Data extracted from a collection
○ ○ ○ ○

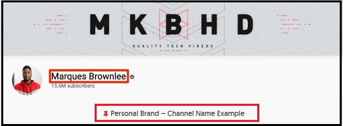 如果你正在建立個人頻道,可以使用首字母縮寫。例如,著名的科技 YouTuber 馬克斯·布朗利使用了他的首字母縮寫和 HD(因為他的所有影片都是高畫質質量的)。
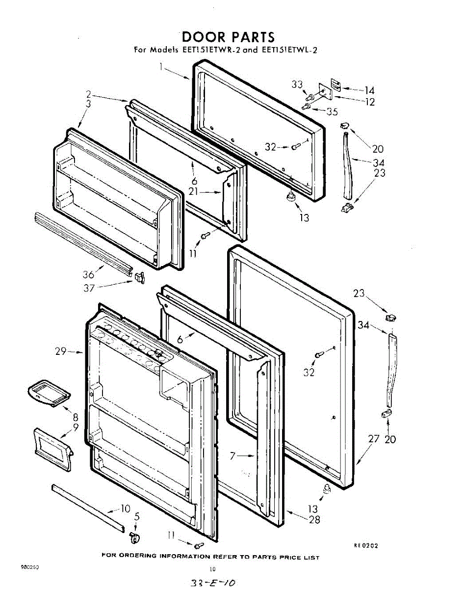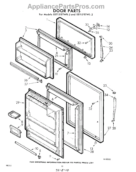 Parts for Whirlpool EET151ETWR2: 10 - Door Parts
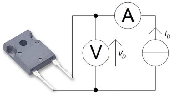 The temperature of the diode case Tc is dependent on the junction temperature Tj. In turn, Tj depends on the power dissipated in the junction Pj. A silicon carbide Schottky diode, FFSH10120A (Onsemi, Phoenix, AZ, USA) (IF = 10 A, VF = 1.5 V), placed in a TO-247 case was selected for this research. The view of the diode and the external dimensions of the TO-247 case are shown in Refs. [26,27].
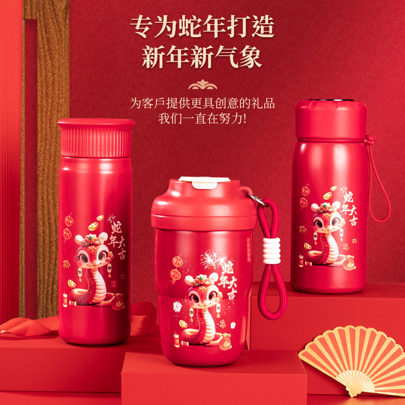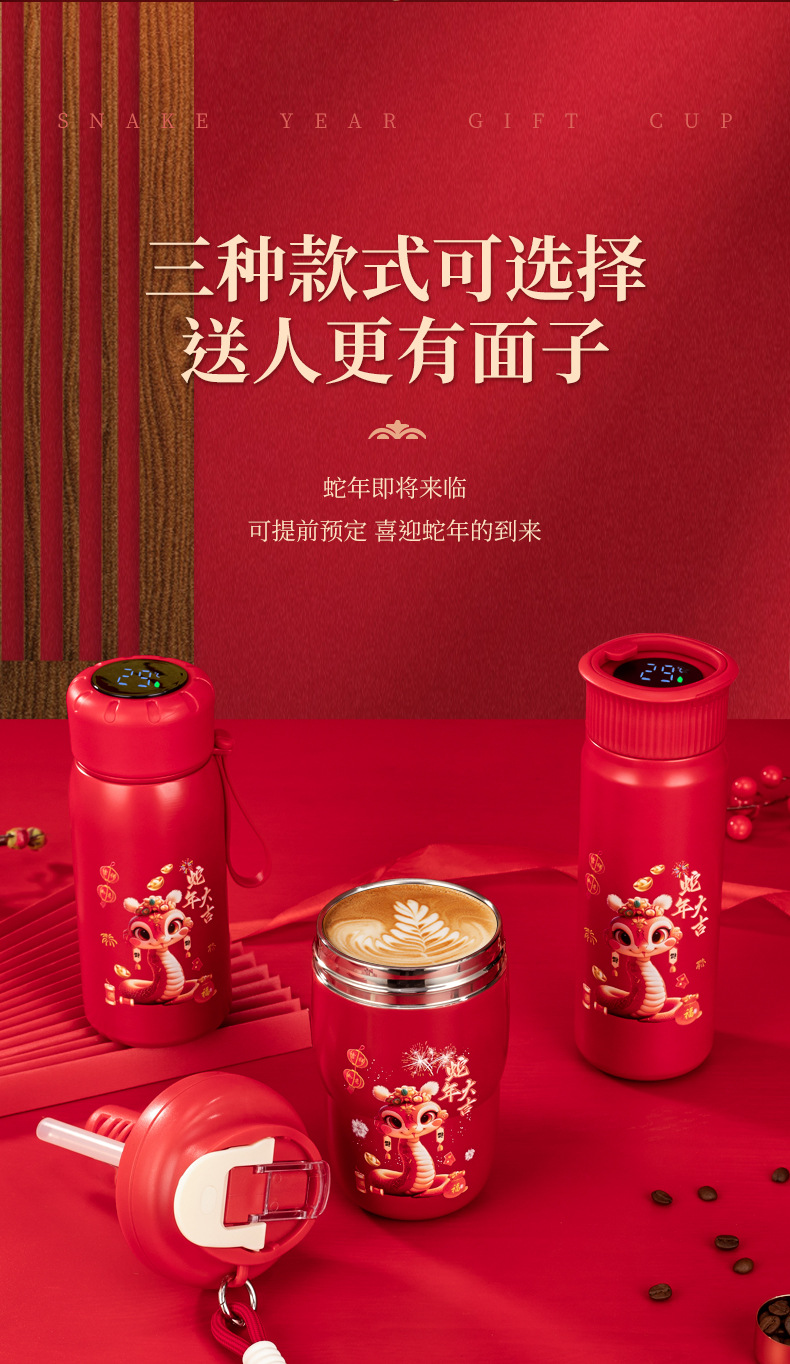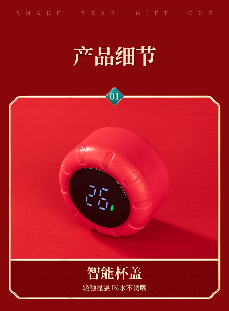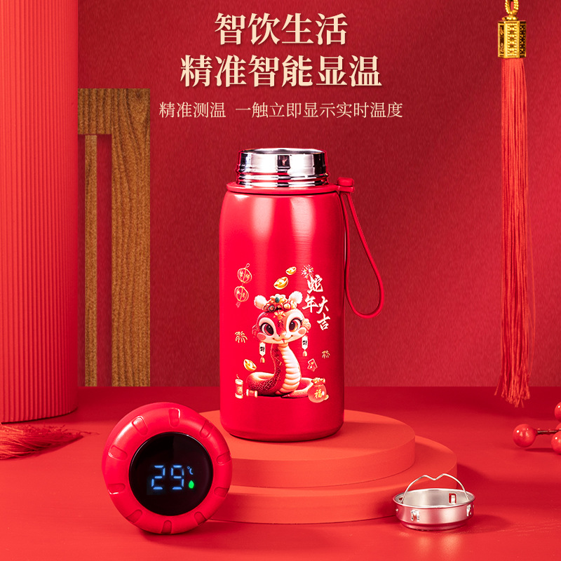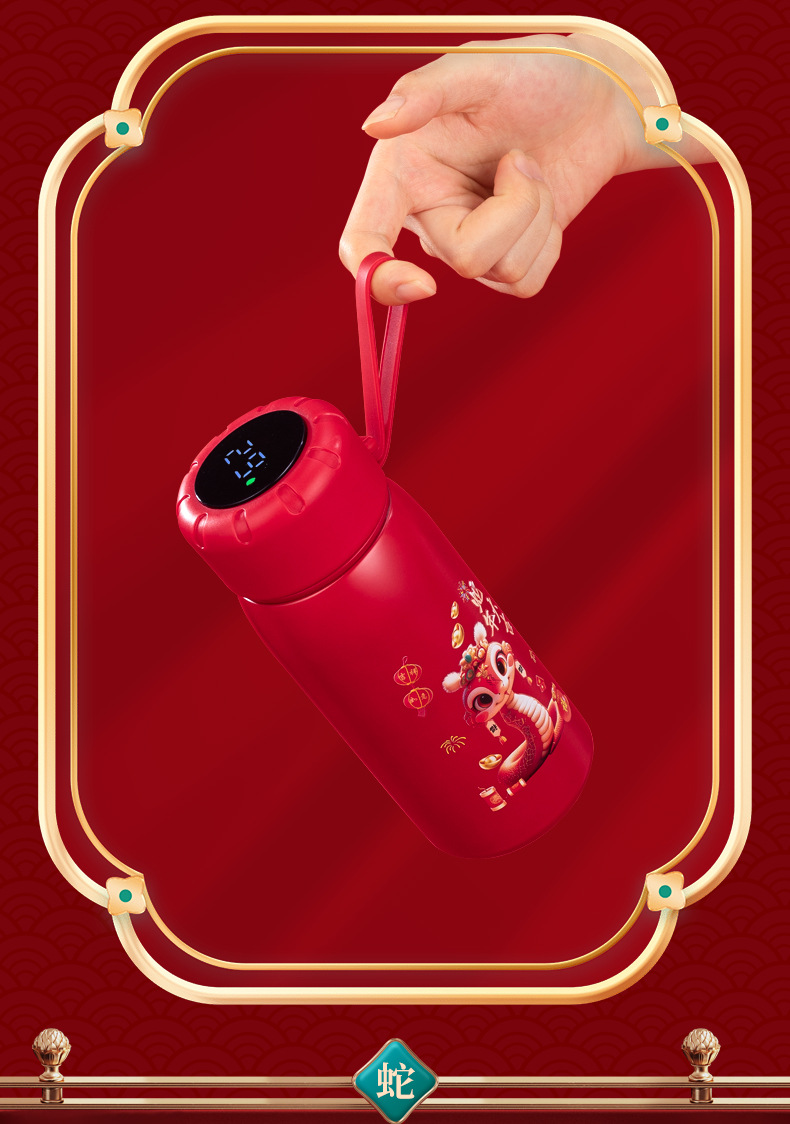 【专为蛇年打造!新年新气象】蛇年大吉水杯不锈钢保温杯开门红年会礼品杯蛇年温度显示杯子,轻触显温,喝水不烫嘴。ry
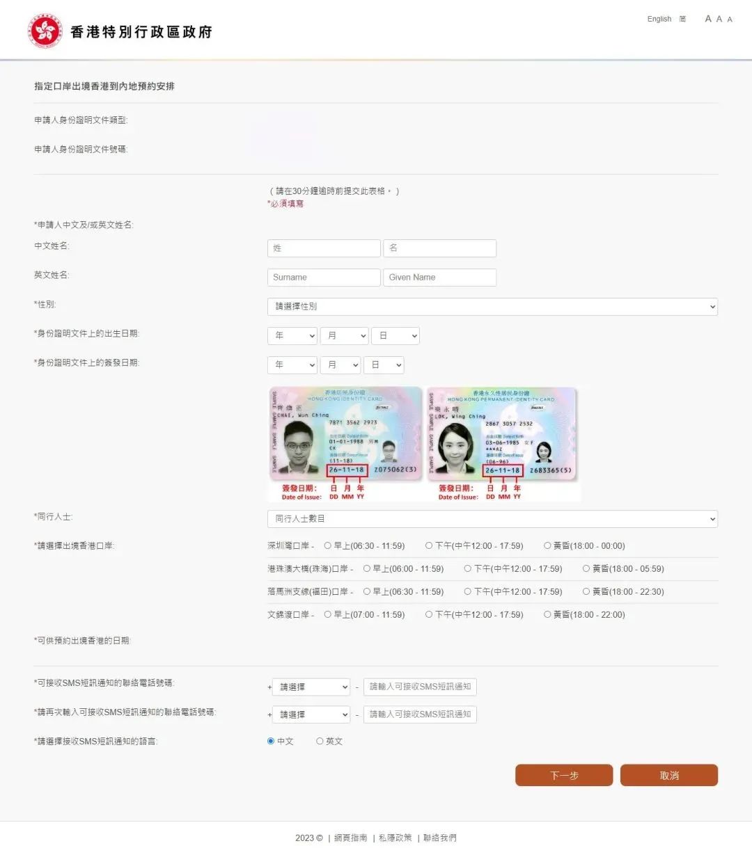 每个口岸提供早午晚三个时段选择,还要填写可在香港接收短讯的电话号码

○ ○ ○ ○

**PROBLEM**
The records are to be retyped in full and exactly, with no image carried over.

**TASK RESULT**
 如果你正在建立個人頻道,可以使用首字母縮寫。例如,著名的科技 YouTuber 馬克斯·布朗利使用了他的首字母縮寫和 HD(因為他的所有影片都是高畫質質量的)。
 Parts for Whirlpool EET151ETWR2: 10 - Door Parts
 The temperature of the diode case Tc is dependent on the junction temperature Tj. In turn, Tj depends on the power dissipated in the junction Pj. A silicon carbide Schottky diode, FFSH10120A (Onsemi, Phoenix, AZ, USA) (IF = 10 A, VF = 1.5 V), placed in a TO-247 case was selected for this research. The view of the diode and the external dimensions of the TO-247 case are shown in Refs. [26,27].
 【专为蛇年打造!新年新气象】蛇年大吉水杯不锈钢保温杯开门红年会礼品杯蛇年温度显示杯子,轻触显温,喝水不烫嘴。ry
 每个口岸提供早午晚三个时段选择,还要填写可在香港接收短讯的电话号码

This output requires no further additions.